Nicer than Gloss, that's for sure.


----------



## drewsuf82 (May 27, 2012)

Nice!!! how much light/co2 are you using ?


----------



## binbin9 (Jan 31, 2012)

is it a fast grower? Much like the other umbrosum?


----------



## ChadRamsey (Nov 3, 2011)

wow that is a beautiful plant.

i tried to get my hands on that a while back and couldnt. you obviously have more clout than i:frown:


----------



## ThatGuyWithTheFish (Apr 29, 2012)

drewsuf82 said:


> Nice!!! how much light/co2 are you using ?


A ton. Far more than anyone else, probably.


----------



## plantbrain (Dec 15, 2003)

binbin9 said:


> is it a fast grower? Much like the other umbrosum?


It's much slower, not a weedy thing like Gloss is, it stays more prostrate and tighter matting. It does not plume up , at least thus far like many foreground carpeting plants.

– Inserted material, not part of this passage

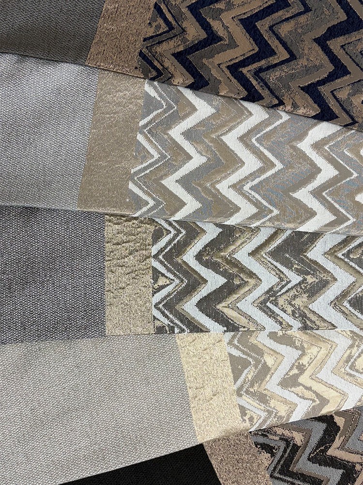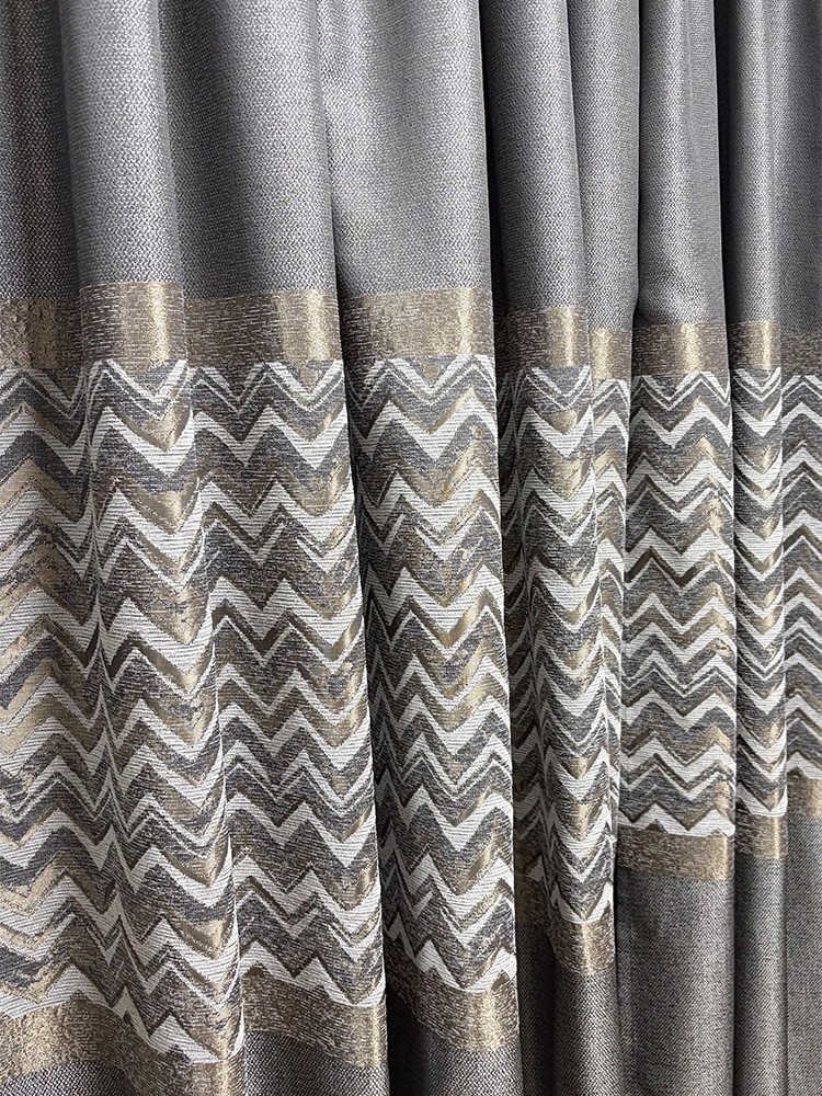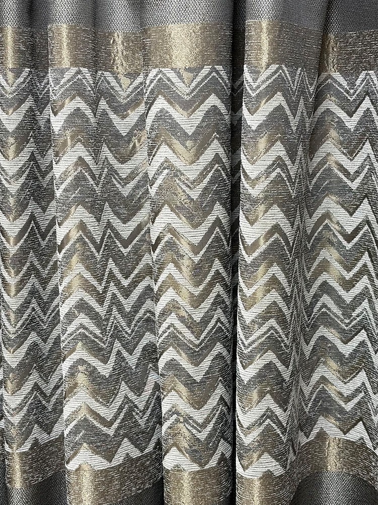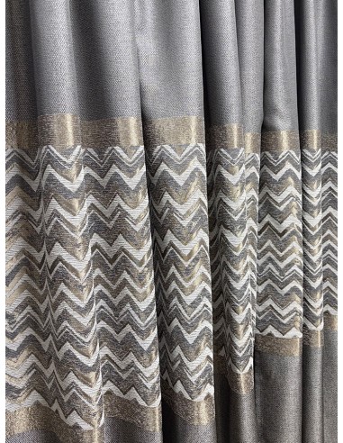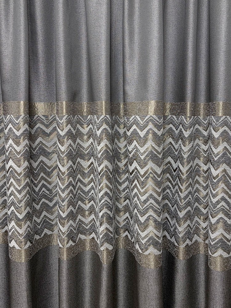 Пано завеса със стилен зиг-заг мотив, която съчетава модерната геометрия с нежен металически отблясък в златисто и сребристо. Сивата основа придава дълбочина и баланс, а десенът добавя движение и характер. Материята е плътна, приятна на допир и стои красиво във всеки интериор. Подходяща е за прозорци и витрини, където желаете елегантен, но динамичен акцент. Височина на текстила 290см.

I got some a while ago from a friend and tossed it out thinking it was plain old M umbrosum. He told me about it and resent some :icon_mad:

I'd say it's about 3-4x slower than Gloss.

Light/CO2 etc, things just grow faster really, the plant will grow in 1/4 the light I have easily I would think.


----------



## HybridHerp (May 24, 2012)

Where does one acquire such a plant?


----------



## wheatiesl337 (Mar 30, 2011)

Does gluteraldehyde melt this stuff?


----------



## wheatiesl337 (Mar 30, 2011)

The only other discussion I have found so far on micrantherum umbrosum and glut is here.

Poster there says the monte carlo can be trained to be resistant to glut dosing. Could be I went too strong on my dosing to start out.


----------



## CT89 (Jul 3, 2013)

I see a shrimp in the picture, so I wonder about the CO2 dosing. That, or Mr. Barr is running an airstone as well, at night?


----------